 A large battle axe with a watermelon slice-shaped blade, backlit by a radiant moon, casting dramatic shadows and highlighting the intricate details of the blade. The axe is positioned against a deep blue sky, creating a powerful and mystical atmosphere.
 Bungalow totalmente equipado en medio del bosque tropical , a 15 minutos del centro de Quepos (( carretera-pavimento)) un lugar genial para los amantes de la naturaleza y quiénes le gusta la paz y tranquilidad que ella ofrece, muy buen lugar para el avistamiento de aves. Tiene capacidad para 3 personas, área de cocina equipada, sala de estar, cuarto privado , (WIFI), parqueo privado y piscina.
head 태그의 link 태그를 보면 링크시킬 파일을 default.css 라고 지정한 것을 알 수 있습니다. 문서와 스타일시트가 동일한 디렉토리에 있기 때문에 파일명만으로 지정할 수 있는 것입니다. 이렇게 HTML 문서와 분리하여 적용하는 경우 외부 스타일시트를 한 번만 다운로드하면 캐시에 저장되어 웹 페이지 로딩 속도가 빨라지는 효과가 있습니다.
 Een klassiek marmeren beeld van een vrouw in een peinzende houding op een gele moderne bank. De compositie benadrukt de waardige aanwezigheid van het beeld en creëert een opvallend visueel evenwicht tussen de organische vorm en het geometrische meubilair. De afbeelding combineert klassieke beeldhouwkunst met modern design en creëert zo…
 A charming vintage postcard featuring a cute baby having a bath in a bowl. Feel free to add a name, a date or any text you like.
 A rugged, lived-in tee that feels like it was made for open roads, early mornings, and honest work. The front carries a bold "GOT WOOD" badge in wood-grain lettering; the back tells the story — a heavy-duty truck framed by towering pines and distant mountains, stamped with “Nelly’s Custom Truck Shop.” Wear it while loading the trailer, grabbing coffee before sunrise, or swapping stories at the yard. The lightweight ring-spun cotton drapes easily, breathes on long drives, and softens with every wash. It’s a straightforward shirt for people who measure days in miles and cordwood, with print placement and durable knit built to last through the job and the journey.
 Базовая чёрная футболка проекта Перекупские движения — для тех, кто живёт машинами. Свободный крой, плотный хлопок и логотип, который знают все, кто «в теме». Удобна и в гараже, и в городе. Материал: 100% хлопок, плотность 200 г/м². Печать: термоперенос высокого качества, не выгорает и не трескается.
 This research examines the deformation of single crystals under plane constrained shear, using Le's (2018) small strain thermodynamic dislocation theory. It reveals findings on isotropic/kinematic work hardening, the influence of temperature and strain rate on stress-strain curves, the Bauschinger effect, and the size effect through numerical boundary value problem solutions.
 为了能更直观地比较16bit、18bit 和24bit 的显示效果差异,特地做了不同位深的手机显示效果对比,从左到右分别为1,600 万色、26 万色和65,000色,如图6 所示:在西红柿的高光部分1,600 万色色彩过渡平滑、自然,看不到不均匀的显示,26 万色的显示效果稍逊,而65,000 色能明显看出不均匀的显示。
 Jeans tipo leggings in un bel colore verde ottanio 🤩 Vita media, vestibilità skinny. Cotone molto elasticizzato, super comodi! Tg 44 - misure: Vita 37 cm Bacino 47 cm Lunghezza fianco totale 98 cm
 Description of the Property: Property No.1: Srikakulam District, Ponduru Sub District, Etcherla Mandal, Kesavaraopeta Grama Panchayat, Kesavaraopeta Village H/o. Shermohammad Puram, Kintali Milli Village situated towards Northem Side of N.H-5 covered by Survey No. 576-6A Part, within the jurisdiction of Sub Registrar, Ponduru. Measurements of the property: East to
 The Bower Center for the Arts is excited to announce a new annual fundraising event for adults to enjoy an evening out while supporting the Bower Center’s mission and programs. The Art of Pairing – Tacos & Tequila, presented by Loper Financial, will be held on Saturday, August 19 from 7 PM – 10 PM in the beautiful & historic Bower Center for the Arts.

################

Using the exact wording, repeat all the entries.

 A large battle axe with a watermelon slice-shaped blade, backlit by a radiant moon, casting dramatic shadows and highlighting the intricate details of the blade. The axe is positioned against a deep blue sky, creating a powerful and mystical atmosphere.
 Bungalow totalmente equipado en medio del bosque tropical , a 15 minutos del centro de Quepos (( carretera-pavimento)) un lugar genial para los amantes de la naturaleza y quiénes le gusta la paz y tranquilidad que ella ofrece, muy buen lugar para el avistamiento de aves. Tiene capacidad para 3 personas, área de cocina equipada, sala de estar, cuarto privado , (WIFI), parqueo privado y piscina.
head 태그의 link 태그를 보면 링크시킬 파일을 default.css 라고 지정한 것을 알 수 있습니다. 문서와 스타일시트가 동일한 디렉토리에 있기 때문에 파일명만으로 지정할 수 있는 것입니다. 이렇게 HTML 문서와 분리하여 적용하는 경우 외부 스타일시트를 한 번만 다운로드하면 캐시에 저장되어 웹 페이지 로딩 속도가 빨라지는 효과가 있습니다.
 Een klassiek marmeren beeld van een vrouw in een peinzende houding op een gele moderne bank. De compositie benadrukt de waardige aanwezigheid van het beeld en creëert een opvallend visueel evenwicht tussen de organische vorm en het geometrische meubilair. De afbeelding combineert klassieke beeldhouwkunst met modern design en creëert zo…
 A charming vintage postcard featuring a cute baby having a bath in a bowl. Feel free to add a name, a date or any text you like.
 A rugged, lived-in tee that feels like it was made for open roads, early mornings, and honest work. The front carries a bold "GOT WOOD" badge in wood-grain lettering; the back tells the story — a heavy-duty truck framed by towering pines and distant mountains, stamped with “Nelly’s Custom Truck Shop.” Wear it while loading the trailer, grabbing coffee before sunrise, or swapping stories at the yard. The lightweight ring-spun cotton drapes easily, breathes on long drives, and softens with every wash. It’s a straightforward shirt for people who measure days in miles and cordwood, with print placement and durable knit built to last through the job and the journey.
 Базовая чёрная футболка проекта Перекупские движения — для тех, кто живёт машинами. Свободный крой, плотный хлопок и логотип, который знают все, кто «в теме». Удобна и в гараже, и в городе. Материал: 100% хлопок, плотность 200 г/м². Печать: термоперенос высокого качества, не выгорает и не трескается.
 This research examines the deformation of single crystals under plane constrained shear, using Le's (2018) small strain thermodynamic dislocation theory. It reveals findings on isotropic/kinematic work hardening, the influence of temperature and strain rate on stress-strain curves, the Bauschinger effect, and the size effect through numerical boundary value problem solutions.
 为了能更直观地比较16bit、18bit 和24bit 的显示效果差异,特地做了不同位深的手机显示效果对比,从左到右分别为1,600 万色、26 万色和65,000色,如图6 所示:在西红柿的高光部分1,600 万色色彩过渡平滑、自然,看不到不均匀的显示,26 万色的显示效果稍逊,而65,000 色能明显看出不均匀的显示。
 Jeans tipo leggings in un bel colore verde ottanio 🤩 Vita media, vestibilità skinny. Cotone molto elasticizzato, super comodi! Tg 44 - misure: Vita 37 cm Bacino 47 cm Lunghezza fianco totale 98 cm
 Description of the Property: Property No.1: Srikakulam District, Ponduru Sub District, Etcherla Mandal, Kesavaraopeta Grama Panchayat, Kesavaraopeta Village H/o. Shermohammad Puram, Kintali Milli Village situated towards Northem Side of N.H-5 covered by Survey No. 576-6A Part, within the jurisdiction of Sub Registrar, Ponduru. Measurements of the property: East to
 The Bower Center for the Arts is excited to announce a new annual fundraising event for adults to enjoy an evening out while supporting the Bower Center’s mission and programs. The Art of Pairing – Tacos & Tequila, presented by Loper Financial, will be held on Saturday, August 19 from 7 PM – 10 PM in the beautiful & historic Bower Center for the Arts.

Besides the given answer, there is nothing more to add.